The Thomaston Building, located at 8 Bond Street, is a 3 1/2-story brick building that originally served as headquarters for W. R. Grace Company's real estate operations. It features a slate covered gable roof.

It was added to the National Register of Historic Places on December 14, 1978.

The Thomaston Building currently contains 25,000 square feet of space, with 15 office spaces and 2 sidewalk-level restaurants. A 1981 basement-to-rooftop restoration effort fully modernized the building with contemporary amenities, energy efficiencies and private marble bathrooms. Management-sponsored programs such as 8at8, a tenant business networking and education group, help build community and offer business development skills. Unusually, some of the offices feature residential accommodation.

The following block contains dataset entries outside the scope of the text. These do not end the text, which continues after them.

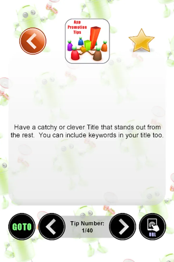 Simply install, run and press the Start button. Use the arrows at the bottom of the screen to scroll through each tip. If you see the URL button animated that means this strategy has an associated link, just click the URL button to visit the useful related link which will open in your phones default browser.
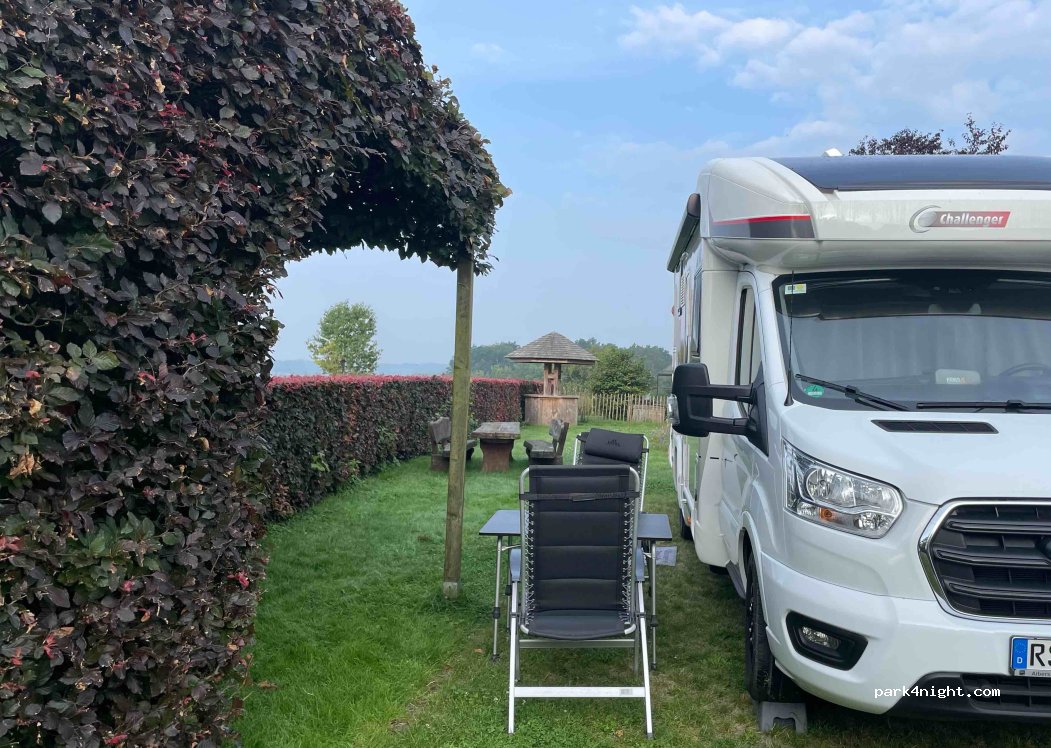 Small private motorhome parking space for 2 mobile homes (one also <8m). Space for a camping table and grill, the garden can be used. "Ski swing", covered seating at the garden hut, great view and new sanitary facilities (WC and SHOWER). Brewery, bakery, groceries, post office and gas station approx. 2 km away. NO CHEMICAL WATER DISPOSAL! Reservations are NOT possible, just come spontaneously. First come, first served:)
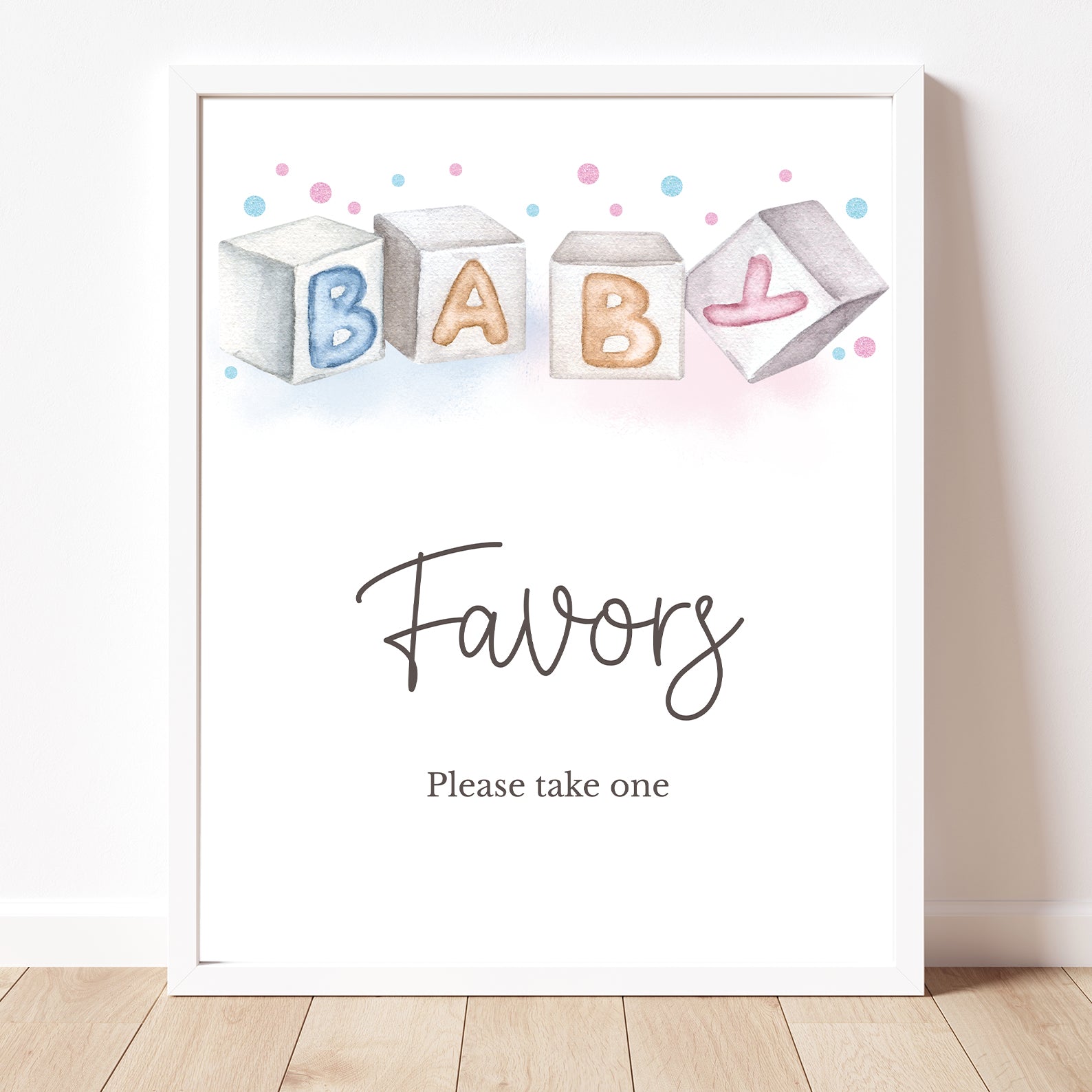 - Purchase this Minimalist Gender Reveal Table Sign: Baby Blocks & Bubbles template

The name of the building is attributed to Thomaston, Maine, the hometown of Lillius Gilchrist, wife of William Russell Grace, future mayor of New York and founder of W. R. Grace and Company.

===Architecture and design ===
The Thomaston Building was designed by James O’Connor and constructed in the Station Plaza neighborhood of Great Neck, near the company's global headquarters at 11 Middle Neck Road, also an O’Connor project. A four-story brick mews in Georgian Revival style, the structure's distinguishing characteristics include a cross-gabled roof, period showroom windows, round oculus windows and iron-tinted brickwork. Above the first story, a wood belt course with dentil molding separates the floors. On permanent display is a private collection of historic American flags and replicas. In 1978 it was placed on the National Register of Historic Places and designated a local historic landmark by the Village of Great Neck Plaza.

=== History ===
The building was commissioned by the W. R. Grace Company and built in 1926 to house its international real estate operations. W. R. Grace occupied both buildings until 1971, when it moved to Manhattan. For much of that decade the Thomaston Building housed a multi-vendor ground floor mall, while leasing the space above to private tenants and the Village of Great Neck Plaza, which used the building as its city hall. In 1976 the building was bought by Great Neck realtor Sidney Berg, who preserved the building's facade as part of a downtown beautification campaign. In 1981 the building was bought by an ownership group headed by Patrick Silberstein. Silberstein oversaw a complete restoration, with particular focus on historic preservation and use of authentic building materials. During this restoration the building was fitted with a greener energy system.